The overall fit of the ⁵²Ca+ $1n$ relative energy spectrum, shown in Fig. 2(a), is characterized by numerous overlapping peaks, extracted from the exclusive spectra as resonance candidates illustrated in Fig. 2(b, c) and its supplemental Fig. 1 in Ref. [39]. Among the observed transitions, approximately 75 $\%$ of the measured cross-sections align with the ⁵²Ca ground state, 13 $\%$ with the 2563-keV state, and 12 $\%$ with remaining states above the 2 ${}^{+}_{1}$ state of ⁵²Ca. Of these, two resonances at 980(110) and 2326(10) keV were identified to be in coincidence with the ⁵²Ca ground state [Fig. 2(c)], corresponding respectively to states at 4170, and 5516 keV; four resonances at 277(42), 1189(87), 1716(27), and 3680(140) keV were in coincidence with the 2563-keV state [Fig. 2(b)], corresponding respectively to states at 6030, 6942, 7416 and 9430 keV; further details regarding the remaining four resonances, which were in coincidence with higher excited states, can be found in Ref. [39]. Interestingly, the dominant peak at $2326(10)$ keV, decaying directly to the ground state of ⁵²Ca via 1 $n$ emission, exhibited a width of $\Gamma=253(25)$ keV, approximately aligning with the single-particle width of $\Gamma_{r}^{l=3}=220$ keV for $f$ -wave neutron emission[40].

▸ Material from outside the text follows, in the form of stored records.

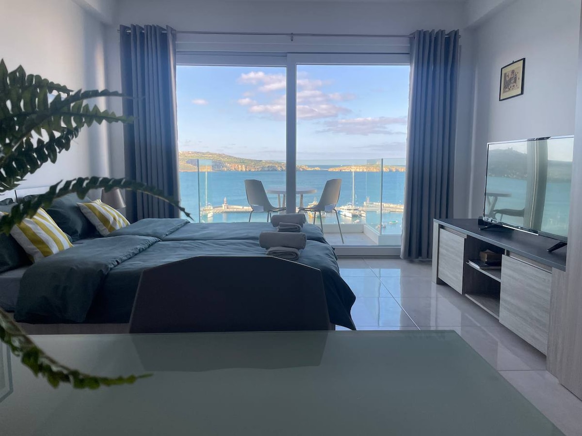 Wake up to stunning 180° sea views from this modern 3rd-floor studio with a private balcony overlooking the bay. Bright, stylish, and fully equipped, the studio is ideal for couples or solo travelers seeking a relaxing coastal stay. Steps from the promenade, cafés, swimming spots, and restaurants. This apartment is air-conditioned, includes a fully equipped kitchen, dining area, 2 single bed's, bathroom with shower. Washing machine, tv and high speed WiFi also included.
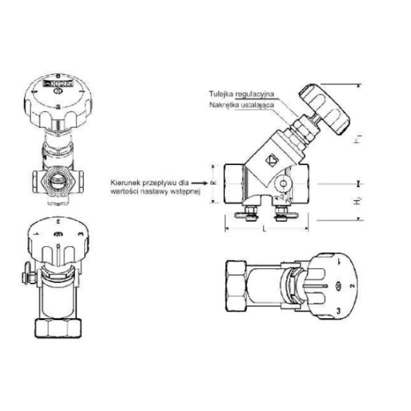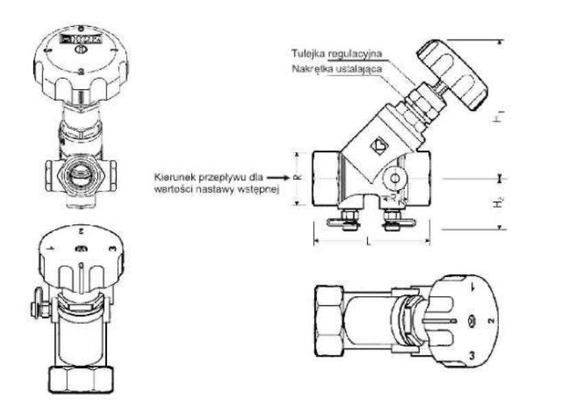 - Przelotowy zawór regulacyjny do instalacji grzewczych i chłodniczych, z zaworami pomiarowymi
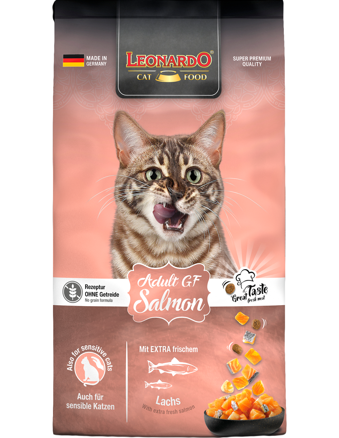 LEONARDO Adult GF Salmon ha estat desenvolupat específicament per a gats amb intoleràncies alimentàries o tendència a patir al·lèrgies. Aquesta recepta no conté gluten ni cereals, substituint-los per l'amarant, ric en nutrients. És una opció saborosa amb salmó fresc per als veritables fans del peix.
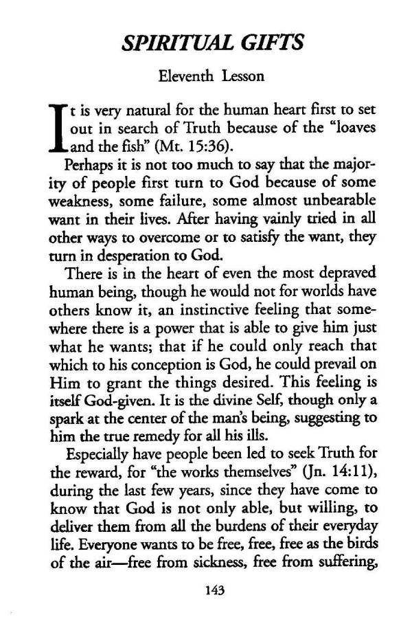Especially have people been led to seek Truth for the reward, for "the works themselves" (Jn. 14:11), during the last few years, since they have come to know that God is not only able, but willing, to deliver them from all the burdens of their everyday life. Everyone wants to be free, free, free as the birds of the air --- free from sickness, free from suffering,
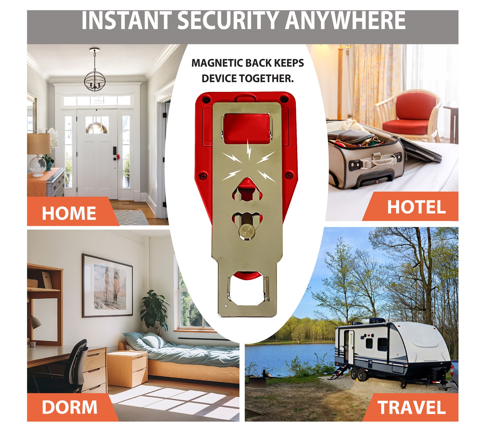 No budget for expensive security systems? Easily add an extra layer of protection wherever you go with this portable door lock set, designed with an integrated alarm system to help protect your space. Whether you're staying at a hotel, living in a dorm or vacay rental, or simply living alone, this set of portable locks provides simple setup and instant peace of mind -- no tools needed. The magnetized back keeps the device together for travel, and the alarm activates if the doorknob is disturbed. From Goldy Lock.
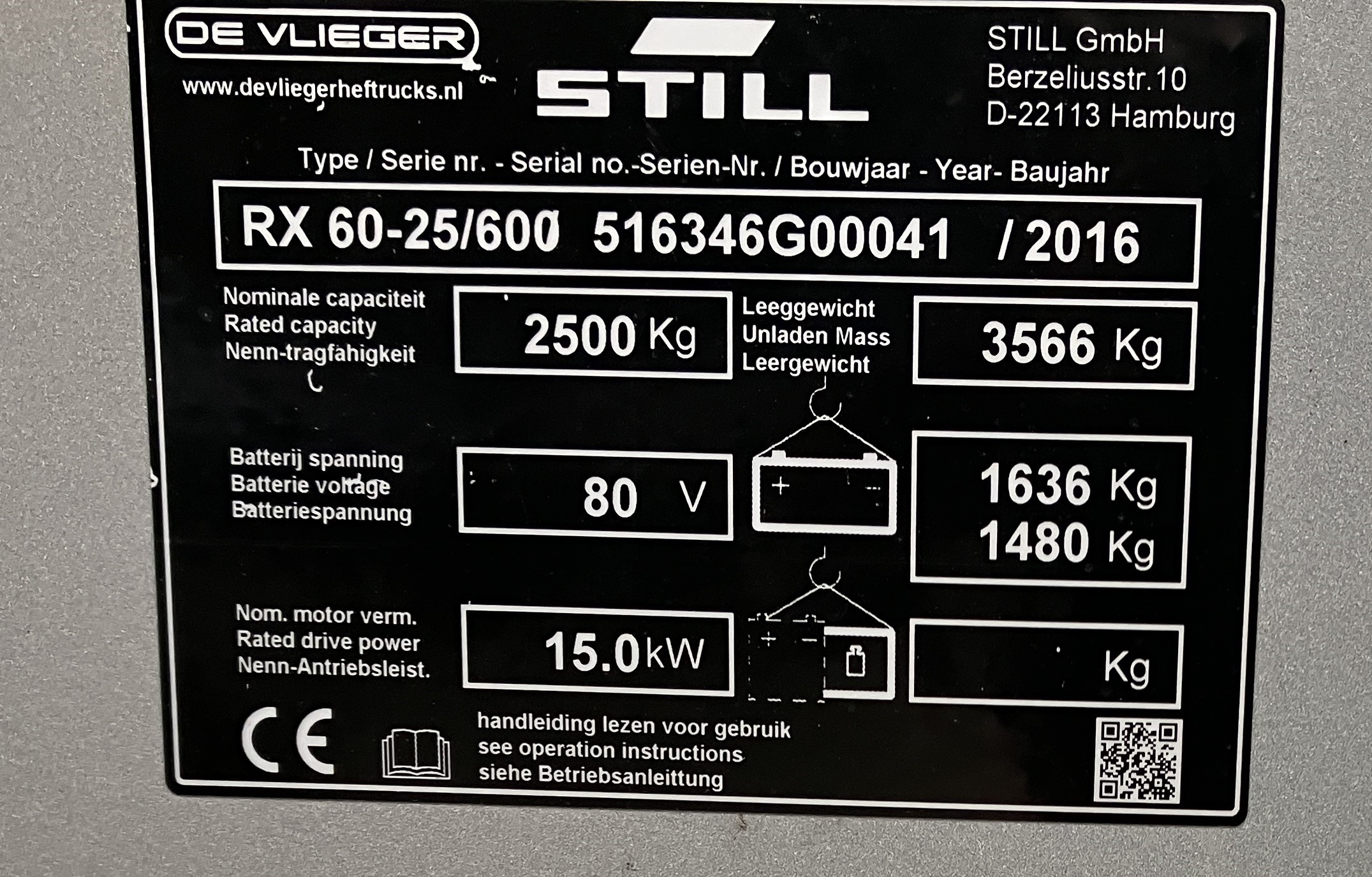 Gebruikte STILL RX 60-25/600 - bouwjaar 2016 - open cabine - led verlichting voor en achter - triplo mast - blue spot.
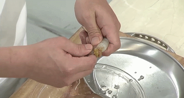 (2) 새우 머리가 떨어지지 않을 정도로 뒤로 젖힌 뒤 머리 부분을 살짝 눌러 내장을 뺀다.
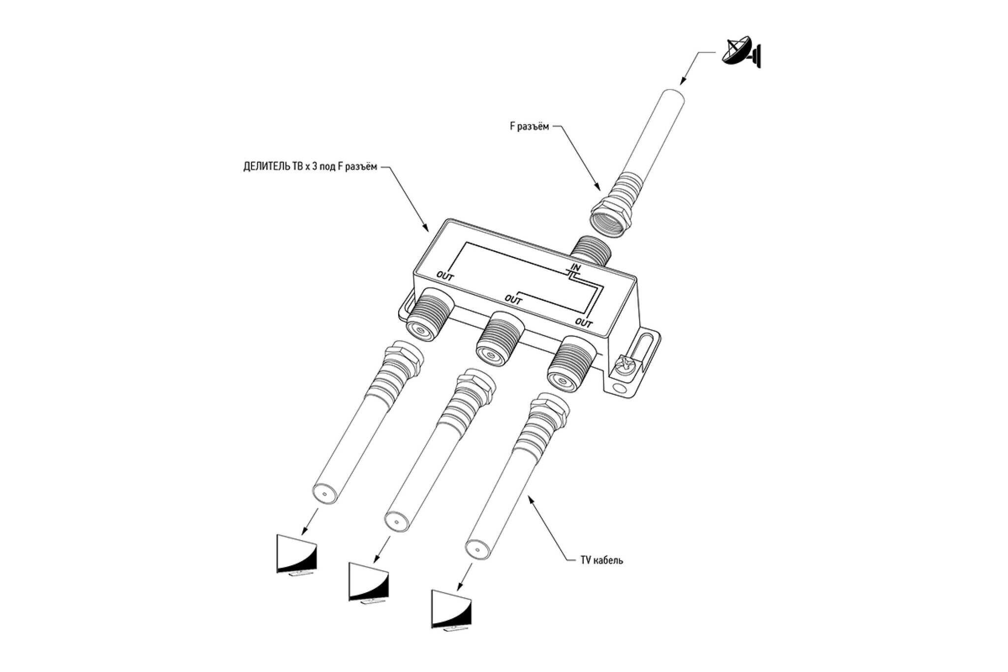 Делитель ТВ сигнала для телевизора 5-2500 МГц спутниковый, на 3 выхода интересное:
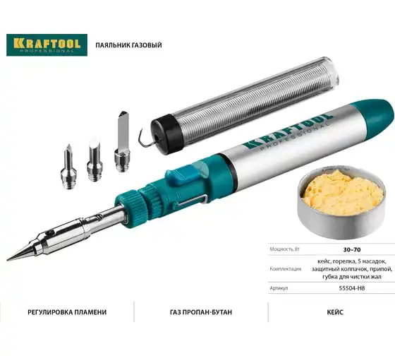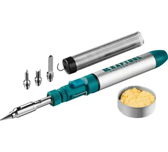 Набор, паяльник газовый, 3в1, 4 насадки, припой, чистка жал, 1300С KRAFTOOL 55504-H8
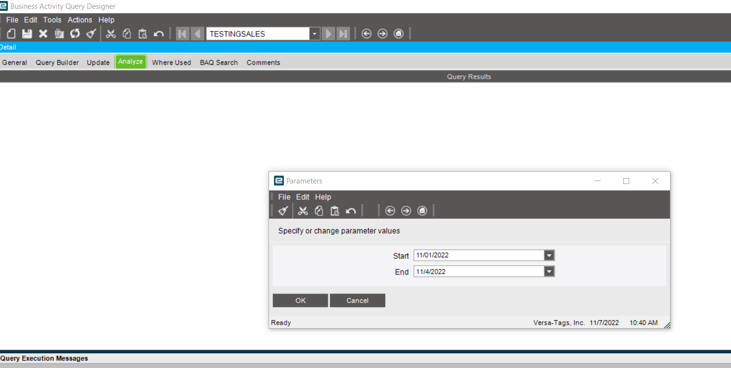 I am creating a simple BAQ query listing the customer, part # and total sales by a date range entered by the user. I want to be able to see 2 additional columns: the previous years sales and the difference withing the same chosen date range.
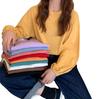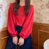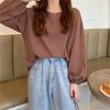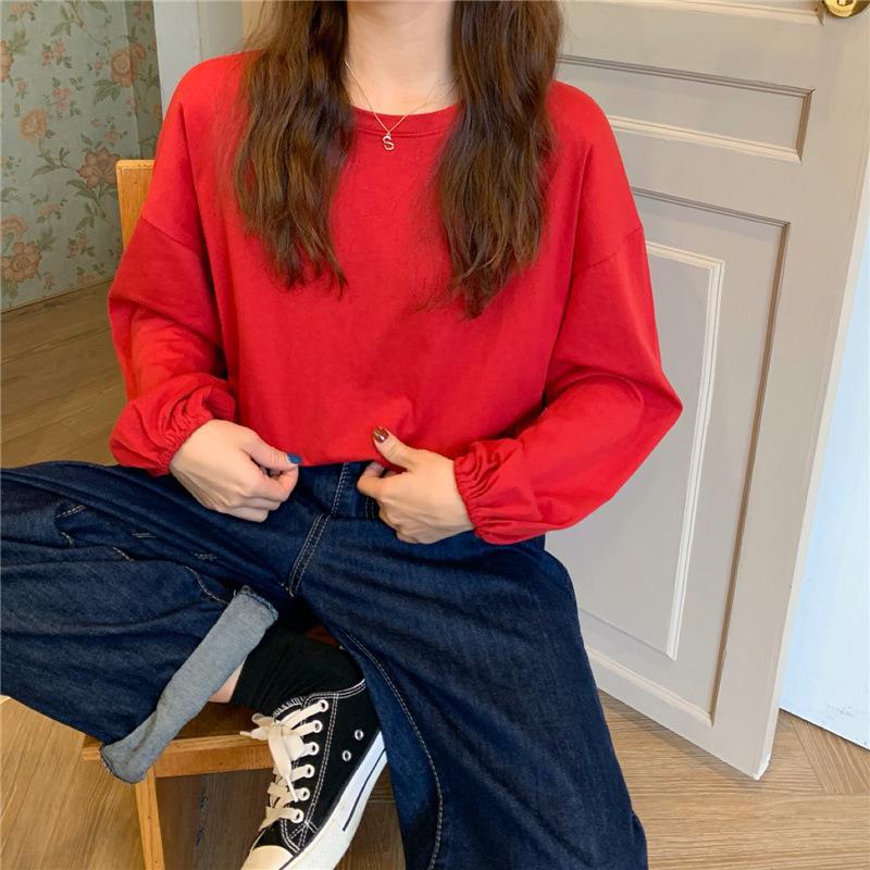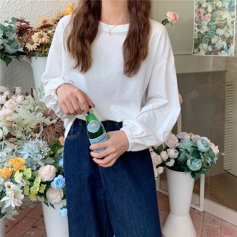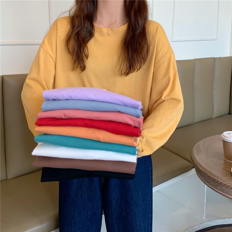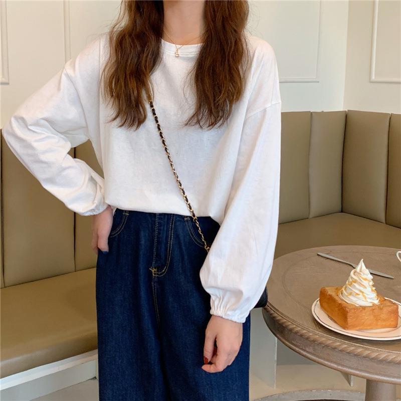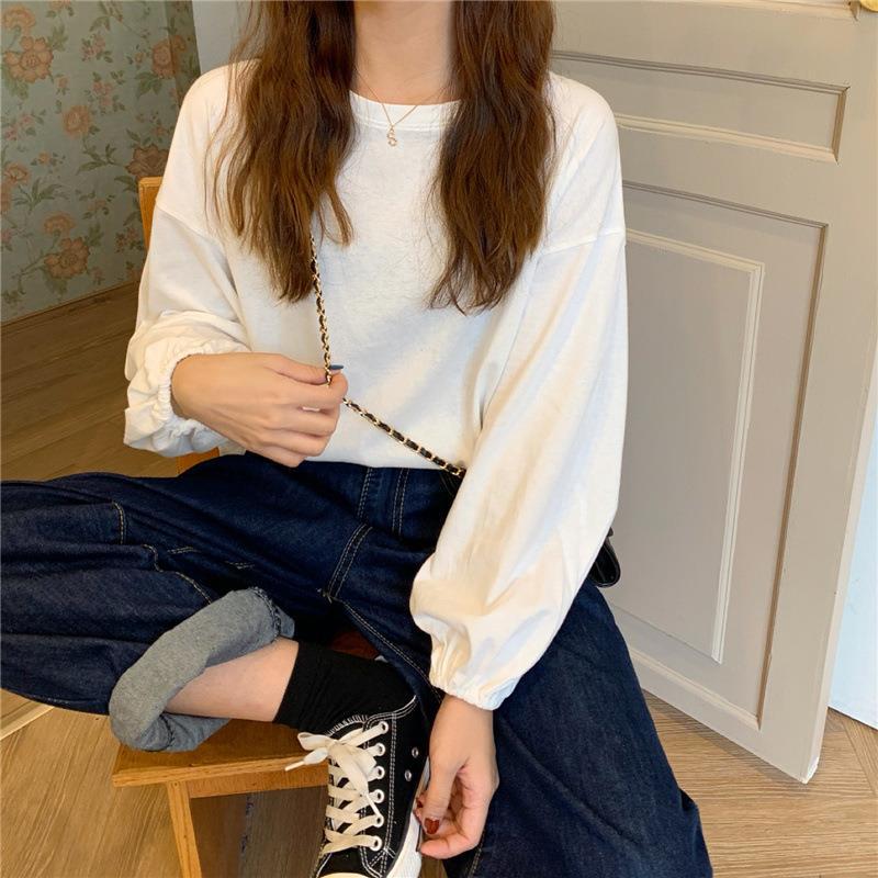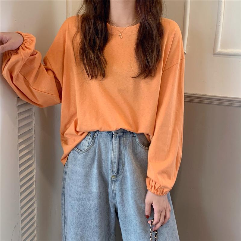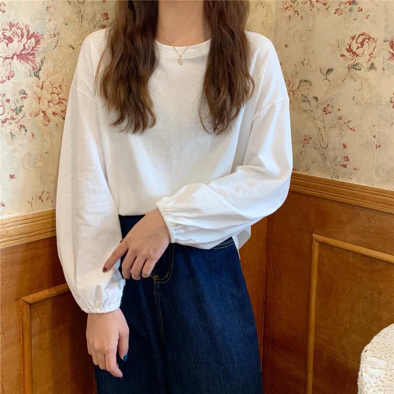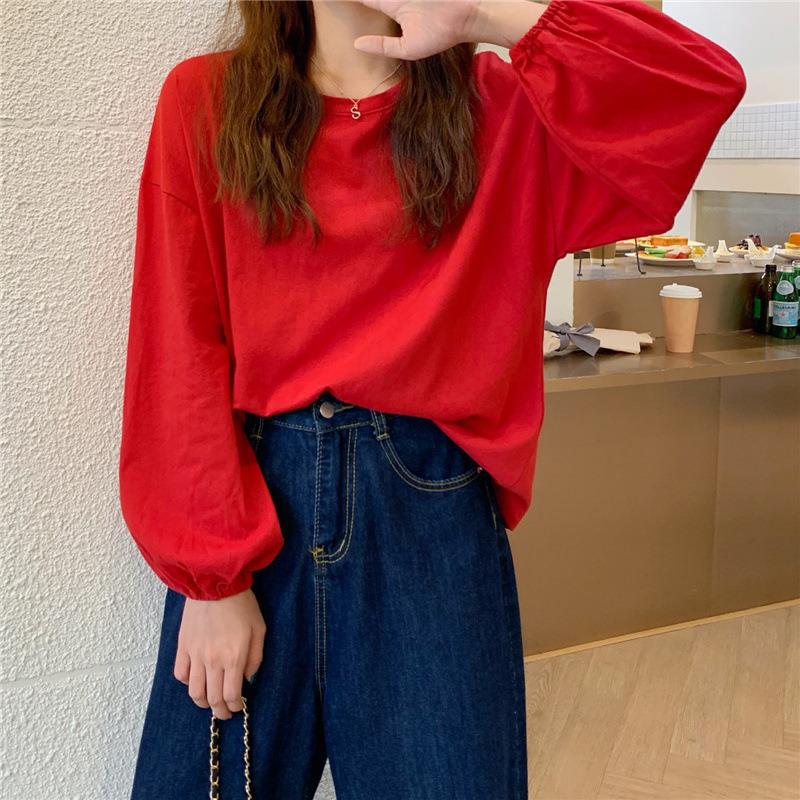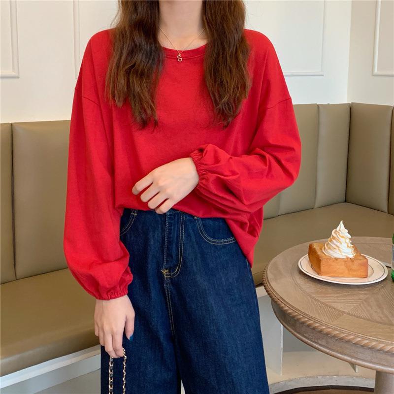 2025 Primavera Nueva Camiseta de Manga Larga para Mujer Básica Holgada Dulce Color Puro Manga Linterna Top Ins Camiseta para Fondo

The $E_{rel}$ spectrum following the ${}^{56}\text{Ca}(p,pn)^{55}\text{Ca}$ reaction, as shown in Fig. 2(d), can be clearly described by three resonance peaks added on a non-resonant background. Due to low statistics, weaker states with low cross sections could not be effectively observed in this data. A resonance at 1404(41) keV was observed in coincidence with the ground state of ⁵⁴Ca, placed at a state of 2970 keV. Resonance peaks at 2089(80) keV and 664(34) keV decay to the 2466-keV state and 3680-keV state of ⁵⁴Ca, respectively. Given the uncertainties, the latter two resonances can be treated as decays from a state at an energy of 6000(250) keV. This state is above the two neutron separation energy of $S_{2n}=5405(167)$ keV [4, 41], which can also decay by 2 $n$ emission. Accordingly, its cross-section in Table 1 [39] is considered as the lower limit. The limited statistics of the ⁵³Ca $+2n$ channel prevented a detailed analysis of this state. Hence, the upper cross-section limit for this state was estimated in the $E_{rel}$ range of [0-1] MeV, considering larger error bars from limited statistics and interference from a resonant-like structure beyond 1 MeV, and subsequently corrected with 2 $n$ detection efficiency. These cross-sections are provided in Table 1 and used for extracting the spectroscopic factors $C^{2}S$ .

Momentum distributions

The momentum distributions of the reaction products were reconstructed using the beam and fragment velocities at the reaction vertex and the scattering angles calculated from the position measurements. Exclusive parallel momentum distributions (PMDs) for unbound states of ⁵³Ca and ⁵⁵Ca are presented in Fig. 5, extracted by fitting the $E_{rel}$ spectra within a fixed PMD-bin, allowing to separate the contributions of the overlapping resonances. For PMDs, a resolution of 40 MeV/c $(\sigma)$ was evaluated from the unreacted ^54,56Ca beams.

The orbital angular momentum $l$ of the removed neutron can be deduced from the momentum distribution in neutron knockout reactions. Theoretical predictions for single-particle cross-sections and momentum distributions of neutron removal from $l=1$ and 3 orbitals were calculated using the distorted wave impulse approximation (DWIA) model [42, 43] and then compared with experimental results. DWIA calculations have been successfully applied in the quasi-free scattering studies for neutron-rich nuclei in this region [2, 5, 21, 44, 45, 46]. The calculated PMDs have been folded with the experimental resolution, also taking into account the energy spread induced by the thick target.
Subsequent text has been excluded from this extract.